BIP32: Non-Hardened Derivation

Generating a Master Key

Generating a BIP32 master key can be done like this:

curveName := ec.Secp256k1.Name()
masterKeyID, err := client.ECDSA().GenerateKey(context, sessionConfig, threshold, curveName, "")

As explained in the previous section, each SDK must be called in order for the MPC key generation session to take place. As a result, each MPC node will hold one key share of the master key. In addition, a random master chain code is generated and stored at each MPC node.

The above call generates an extended key in the TSM, as specified in BIP-32. The extended key consists of the actual key, which is secret shared among the MPC nodes, and a chain code. Each MPC node holds a copy of the chain code.

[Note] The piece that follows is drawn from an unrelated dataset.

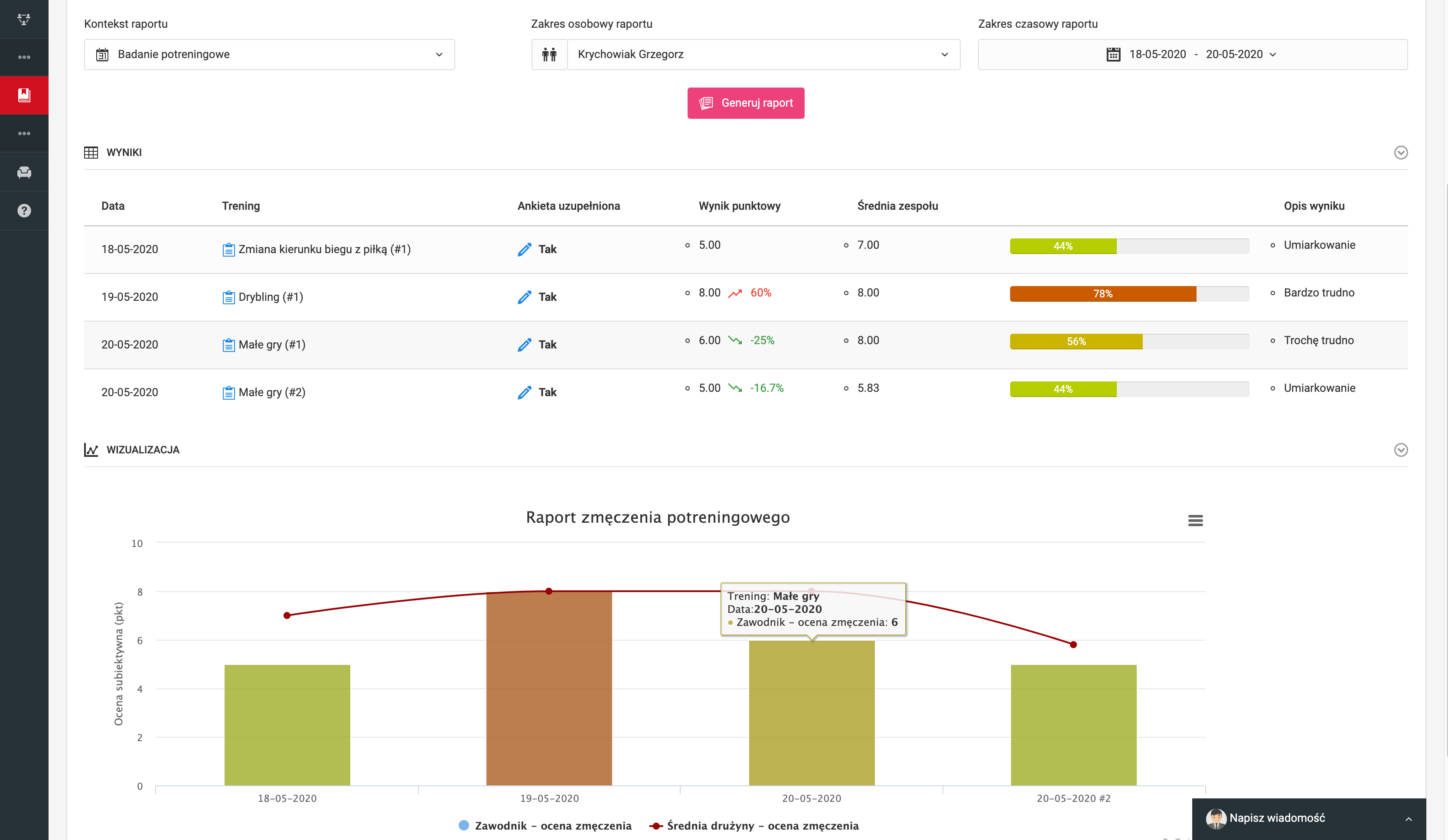 A summary report is also available in the system, showing a very wide range of data with analyses. Above the report table, there is a configurator available. As in the case of detailed reports, you can choose what type of studies should appear in the table. You can select which players are to be included in the report, mark the time range of the report and also hide days without measurements. On the right-hand side above the table, you have two sliders that affect the way data is presented. The first one is responsible for changing the way the results are calculated - you can choose a numerical or a percentage value. In the second slider, you determine whether the data is to be presented as a scale value or as calculated fatigue units (AU). Remember to confirm each change in the report configuration and analysis with the pink "generate report" button. The table itself contains several types of data. In the columns with the dates in the headers, you have the data about the specific results entered by the player. The columns can refer to daily, post-training and post-match tests. The columns behind the darker thicker line refer to the total, average and fatigue units (AU) of the players over the selected time period. In the lines below the darker-thick line, we have summaries of the results of each test for the whole team. The colors used in the table correspond to the colors that the players have to choose when completing the survey. Green - light fatigue, dark red - maximum fatigue.

Instead of generating a master key in the TSM, it is also possible to import a master key.

πŸ“˜

Note

According to the BIP32 standard, the master key and chain code are both derived from a master seed (or a BIP39 passphrase). When calling GenerateKey the master key and the chain code are sampled as two independent values. The master key only exists as a secret sharing and is never assembled at a single MPC node. On the other hand, each of the MPC nodes will hold a copy of the master chain code. This may affect require special care when importing master keys from external wallets.

Obtaining a Derived Public Key

Once the master key has been generated, you can obtain a derived public key as follows. Suppose you want the public key derived according to the derivation path m/42/2/3 . Here m stands for the master key and /42/2/3 is the actual derivation path, see BIP32 for more on derivation paths. Then you can proceed like this:

derivationPath := []uint32{42,2,3}
pkixPublicKey, err := ecdsaClient.PublicKey(masterKeyID, derivationPath)

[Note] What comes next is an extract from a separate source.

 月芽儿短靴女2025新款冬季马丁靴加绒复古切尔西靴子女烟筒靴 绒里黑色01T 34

The returned encoded public key is a SubjectPublicKeyInfo structure, see RFC 5280, Section 4.1.

Each MPC node uses its master key share and master chain code and the provided derivation path to compute a share of the derived key. Each MPC node can do this locally, due to the mathematical properties of non-hardened key derivation. The derived key shares are computed on-the-fly and cached in the memory of each MPC node.

πŸ“˜

When to Trust the Public Key

The key generation protocol ensures that honest players will end up with the correct key share and the correct public key. But the protocol does guarantee that all honest players will succeed. In fact, all but one honest player may experience a session abort.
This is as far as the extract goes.